See You in a Hundred Years - Logan Ward

We saw Ward speak at the WI Book Festival last month and he was equally as amusing as AJ Jacobs, though a bit more low-key. Having thoroughly burnt out on the hectic lifestyle of New York, Ward and his wife decide to drop out for a year and experiment with living from the land. The caveat being that everything they use/eat/own for a year is pre-1900. Like many folks, Ward and his wife found the idea of moving to the country and living the simple life idyllic. At times Ward does have moments, and even days, of pure bliss and peace. These are interspersed with hours of farm chores, pumping water, starting fires, grinding coffee, baking, nasty goats, domineering horses, frozen diapers and all the other joys of a 1900 farm. This book should be required reading for anyone planning to "retire" from civilization and to "live the good life." Remember, watch the goats before they headbutt you.

Some Danger Involved - Will Thomas

I really enjoyed Thomas' series of books featuring enquiry agent Cyrus Barker and his Welsh assistant Thomas Llewelyn. While their clients are often wealthy aristocrats, the people they associate with and investigate live on the margins of proper Victorian British society - Jews, Asians, Irish terrorists and the poor and destitute of Limehouse. Good plots, likable characters and some really wonderfully underhanded fighting tricks.

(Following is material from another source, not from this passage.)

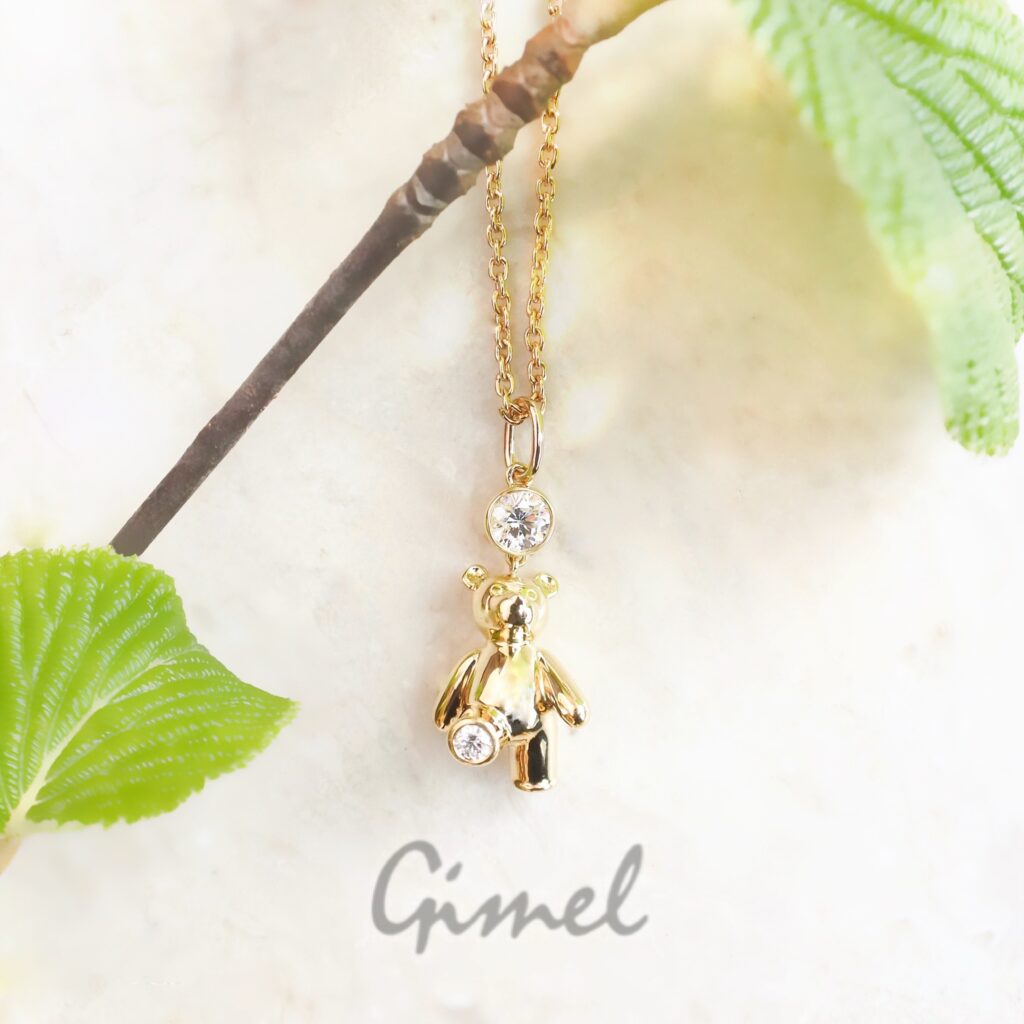 くまちゃんの上にはギメルの厳しい基準をクリアした美しいダイヤモンドが輝きます。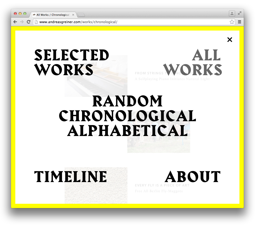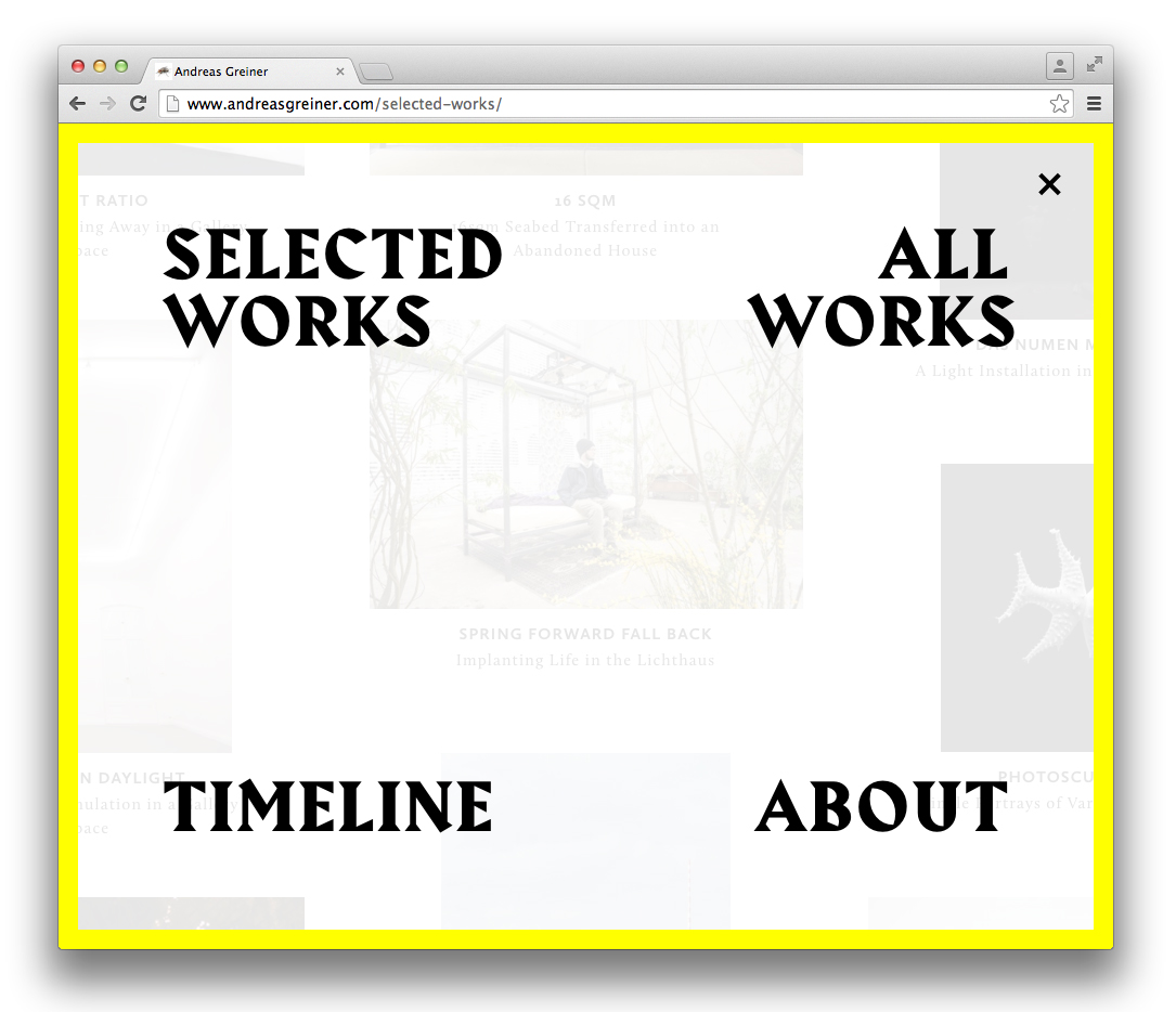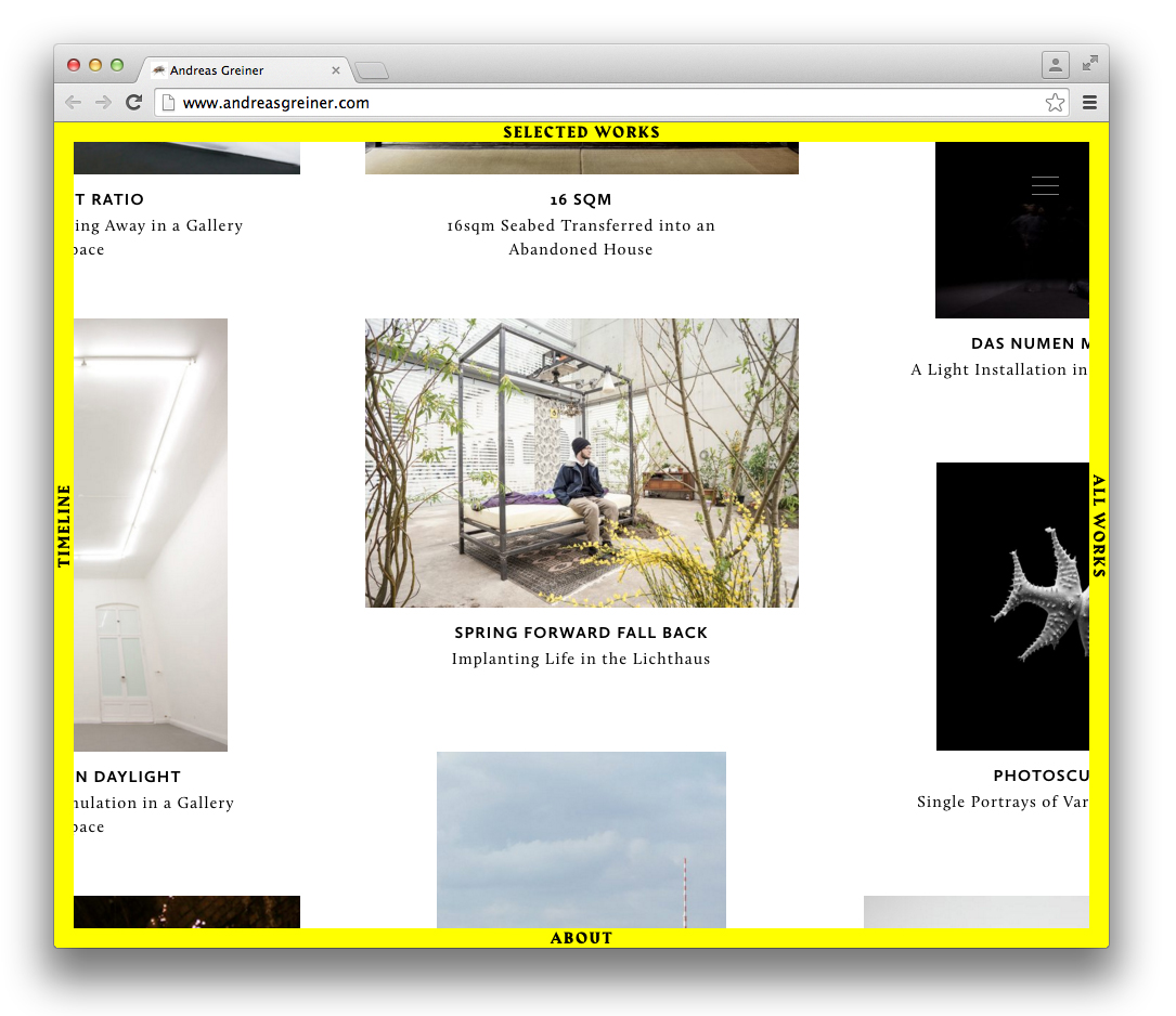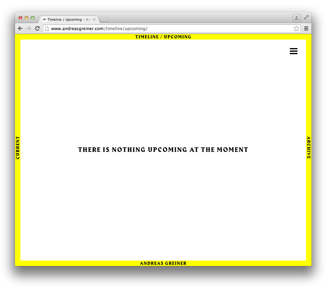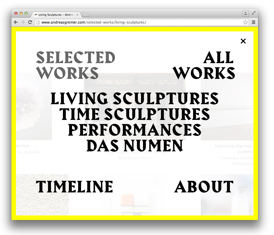 Andreas Greiner website Contributed by Gareth Hague on Oct 9th, 2016. Artwork published in 2016. Source: www.andreasgreiner.com Andreas Greiner. License: All Rights Reserved. Source: www.andreasgreiner.com Andreas Greiner. License: All Rights Reserved. Source: www.andreasgreiner.com Andreas Greiner. License: All Rights Reserved. Source: www.andreasgreiner.com Andreas Greiner. License: All Rights Reserved. Source: www.andreasgreiner.com Andreas Greiner. License: All Rights Reserved. Source: www.andreasgreiner.com Andreas Greiner. License: All Rights Reserved. Source: www.andreasgreiner.com Andreas Greiner. License: All Rights Reserved. Source: www.andreasgreiner.com Andreas Greiner. License: All Rights Reserved. Source: www.andreasgreiner.com Andreas Greiner. License: All Rights Reserved. Typefaces More about HarbourGet Harbour Formats Web (5659) Topics Art (4730) Designers/Agencies Sin-U Ko (1) Tagged withall caps (7676)left-and-right-aligned text (256)yellow and black (476)left, right, up, down (216)borders and rules (1137)trendlisty (118)artist websites (4) Artwork location Germany (3898) Berlin (1161) In SetsTYPO (Naomi Greenstein) (14)fashion (Hajnalka Illés) (20)Alias_Web (Gareth Hague) (29)Alias_Art (Gareth Hague) (40) Post a comment Name Email – will not be published Website Your response Submit Comment More Harbour in use Tertium Quid by Murray Moss2014Contributed by Gareth Hague Moving Hands (Helena Hauff Remix) by The Klinik, official video2016Katie ShannonMarianne WilsonContributed by Gareth Hague Popaganda Festival 20212021Saga BergeboContributed by Gareth Hague Sponsor More in Art Jari Genser – It Is about Time2023Theresa HattingerContributed by Theresa Hattinger Elastic magazine, no. 12025Chloe ScheffeNatalie ShieldsScheffe ShieldsContributed by Greg Gazdowicz Staff Pick Juergen Teller: Go-Sees1999Murray & Sorrell FUELContributed by Stephen Coles Staff Pick Sometimes2012James KapeContributed by Indra Kupferschmid More in Web Service List2018Moe AmayaContributed by Moe Amaya T_24c. 2015Alexander VasinContributed by Gayaneh Bagdasaryan Heidi Brand physiotherapy website2021Pamela RuheContributed by Julien Fincker Designhorse2010DesignhorseContributed by Webtype More Fonts In Use RUFA Annual Report 20222023Intorno DesignGuido LombardoDavide LucciniContributed by intornodesign Staff Pick Black Myth: Wukong video gamec. 2024Hanyi FontsContributed by Hanyi Fonts Staff Pick You Would (2012) and Was haben wir gesehen/ What we have seen (2016) by Robert Frankc. 2012Steidl DesignContributed by Florian Hardwig Staff Pick Brotherhood of Man – “Kiss Me, Kiss Your Baby” international single covers1975Contributed by Johannes Vandenheuvel Staff Pick

American Hair Metal - Steven Blush

This book is worth it just for the cover. Blush gives you an up close and personal look at the biggest, hairiest and most famous metal bands. Each page brings a band with still bigger hair, more makeup, hazier lenses and thickly studded leather outfits - all brand spanking new. Coupled with horrendous fan letters and quotes from the bands, the book is hysterical and wind-blowingly awful. "I see our group reaching the top and staying there for a long time..." - Michael Sweet - Stryper (1986)

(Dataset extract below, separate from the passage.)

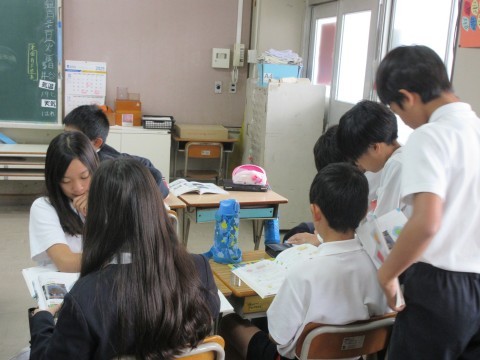 3組は外国語。生き物ポスターを作るために,それぞれの生き物の気持ちを想像していました。生き物たちの望んでいることはなんだろう?

Michael Palin - Diaries 1969-1979: The Python Years

A thick 600+ page book, Palin's Diaries start slowly but become increasingly engrossing. Covering the very first year Python starts making shows until the release of Life of Brian, Palin describes Python's ever-increasing popularity. Palin writes with a witty, kind and endearing voice as he describes the vast extremes in his life. One day he is being flown on Concorde to New York to fill a SNL show, the next he detailing one of his children's birthday parties. Like Kyle MacDonald (One Red Paperclip) he spends a great deal of time considering his life options and weighing what is selling out and what is best for his creative career and family. While Python squabbles continually amongst themselves, Palin presents them as all talented and funny friends, albeit with vastly different goals. Peppered with meetings, meals and events with the other Pythons, good friend George Harrison, Douglas Adams (Hitchhiker's Guide) and other British notables, you'll soon be drawn into Palin's world.

Spoiler: This chunk of diaries end before Chapman's illness and subsequent death. So no need to have that axe hanging over your head like it did for me.

Money Changes Everything - Edited by Jenny Offill and Elissa Shappell

Offill and Shappell edited another book I started a few years ago, The Friend Who Got Away, a collection of stories by women who had "broken up" with a best friend and which I found too depressing to finish. Money Changes Everything, while definitely having its depressing moments, also has some wildly good ones too. Twenty-two writers talk about their material wealth (or lack thereof) and how they ended up there. From trust-funds to schooling paid with porn-writing to "the money train" arriving, all sides of the stickiest of subjects are represented here. An engrossing look at one of last still-taboo subjects in America.

Pontoon - Garrison Keiller

Told in his gentle, rolling monologue, Pontoon is all one can hope for in a Lake Woebegon story. Looney characters gently drift through, some angst on a small-scale Lutheran level, gentle teasing of Californians and many familiar names and faces. Interestingly, I think this is the first Keiller book where a Lake Woebegon resident leaves and this is found to be a positive thing. Sweet, funny and oddly out there.